For those who are unfamiliar with the concept, fair use is what lets students, critics, reporters, and the like quote directly from printed works or show short excerpts of visual works for the purpose of illustrating the reasons for their own original statements. As defined by Wikipedia (a source I've found to be fairly reliable for non-controversial subjects) fair use is as follows:
Fair use is a limitation and exception to the exclusive right granted by copyright law to the author of a creative work. In United States copyright law, fair use is a doctrine that permits limited use of copyrighted material without acquiring permission from the rights holders. Examples of fair use include commentary, criticism, news reporting, research, teaching, library archiving and scholarship. It provides for the legal, unlicensed citation or incorporation of copyrighted material in another author's work under a four-factor balancing test.An example of fair use would be that block quote above: it's a short snippet from the original work, I cited the original source material in the link above it and in the BLOCKQUOTE attribute behind the scenes. If I had simply posted it with no citations, even if I hadn't explicitly stated it was my own original thought, people would assume I was claiming it as my own work. That is stealing, or at least dancing on the edge of it, and bad blogging. I learned a long time ago that you should always be prepared to cite your source.
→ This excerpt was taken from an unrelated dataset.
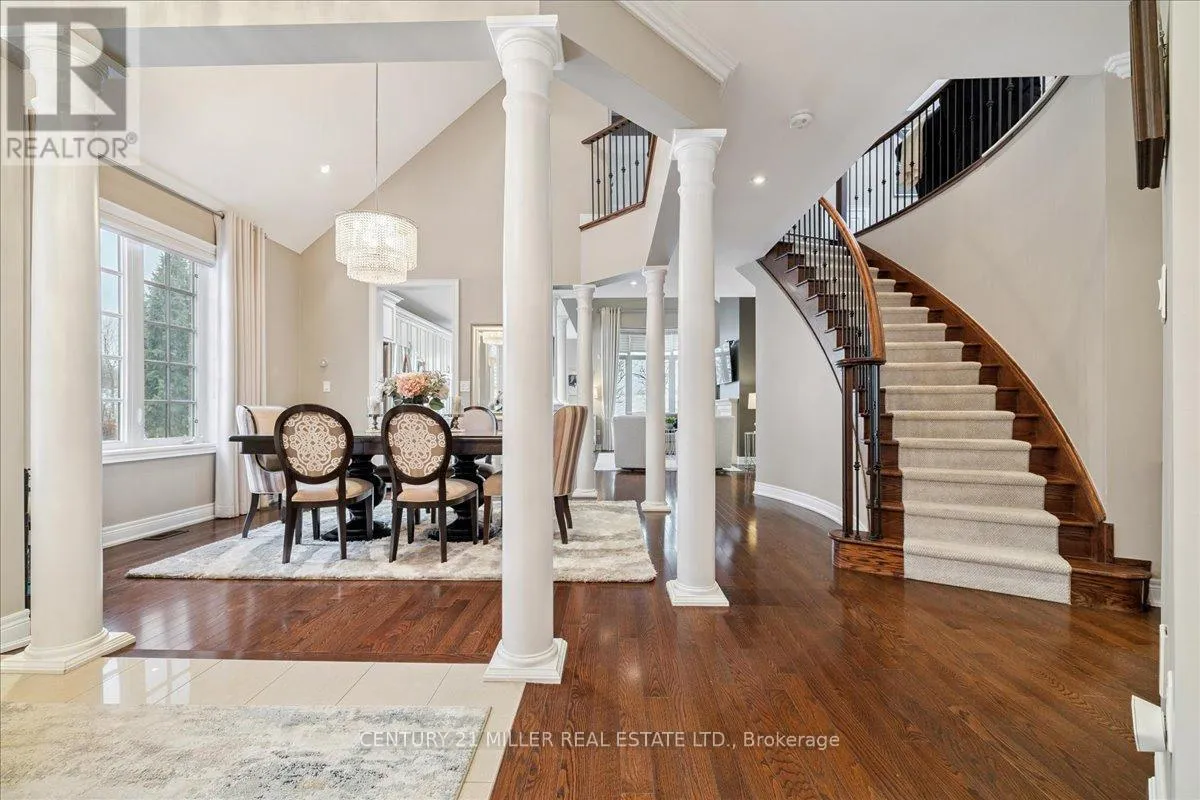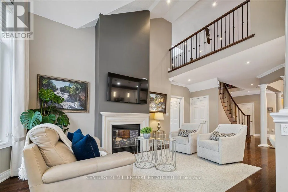 Colonel William Parkway/Liptay Ave Tucked within an exclusive enclave, this rare and sought-after bungaloft offers premium sunset rear exposure overlooking Bronte Creek Provincial Park. With over 3,900 sq. ft. of bright, open living space, this executive family home showcases hardwood floors, pot lights, and upgraded fixtures throughout. A formal dining room with cathedral ceilings flows into the stunning living room with soaring ceilings and a gas fireplace, seamlessly connected to the designer kitchen featuring two-tone cabinetry, stainless steel appliances, granite counters, island with breakfast bar, backsplash, valance lighting, and walkout to a private yard with lush greenery and exposed aggregate patio. The main floor primary suite offers a walk-in closet, two-way fireplace, and spa-like ensuite with double sinks, soaker tub, and glass shower. A versatile second main-level bedroom or home office features semi-ensuite access to an updated 3-piece bathroom with heated floors, while the convenient main floor laundry enhances everyday functionality. Upstairs, a bright loft with skylight overlooks the living and dining areas below, along with an additional bedroom and a well-appointed 4-piece bath. The professionally finished lower level offers a spacious rec room with a separate family room area featuring an electric fireplace, a breakfast area, and a dedicated gym space, along with two additional bedrooms, a 4-piece bath, and a separate storage room. Double garage with inside entry, double driveway and exposed aggregate walkway. Close to hiking and biking trails, parks, schools, shopping. Minutes to Bronte GO Station, near Oakville Trafalgar Hospital and easy access to QEW and 407. Furnace (2020). (id:27476)

Ms. Barstow, on the other hand, is completely oblivious to this concept. She somehow found some of her editorial cartoons in a Something Awful forum about, shockingly, bad editorial cartoons. Since she seems to specialize in a single-panel format, of course entire cartoons have been posted to the forum. The fact that the forum is specifically intended for criticism, and her work is actually criticized, that makes it fair use. Ms. Barstow is having none of it. She is claiming defamation, copyright infringement, and of course, EVIL. And possibly racism, I'm not entirely clear on that aspect, but I suspect that she isn't either. Some people are encouraging her to sue, others are trying to tell her to sit down and shut up, but she doesn't seem to be doing anything except running around, flailing her arms, and screaming life is unfair. Oh, and she's sending out DMCA take-down notices apparently.
Someone, apparently intent upon stoking an epic Internet fail the likes of which we haven't seen since, well, last week, has suggested she not only go after Something Awful, but 4chan as well. I've never heard of this site either, and cannot vouch for any content you may find if you follow the link. I don't know if any of her cartoons are there are not. What I do know is apparently Ms. Barstow thinks that 4chan and BBC 4 are the same thing. I cannot wait for her lunacy to hit the monolithic entity that is the BBC and their legal department. That will truly be epic.
Theft is theft, and is wrong. Scraping blog entries or entire websites and presenting them whole with no comment as your own is also wrong. Calling someone a censorious asshat (h/t to Popehat for that) when they are behaving like a censorious asshat is just truth. Donna Barstow, in her complete misunderstanding of Fair Use, is acting like a censorious asshat, and needs to be called on it.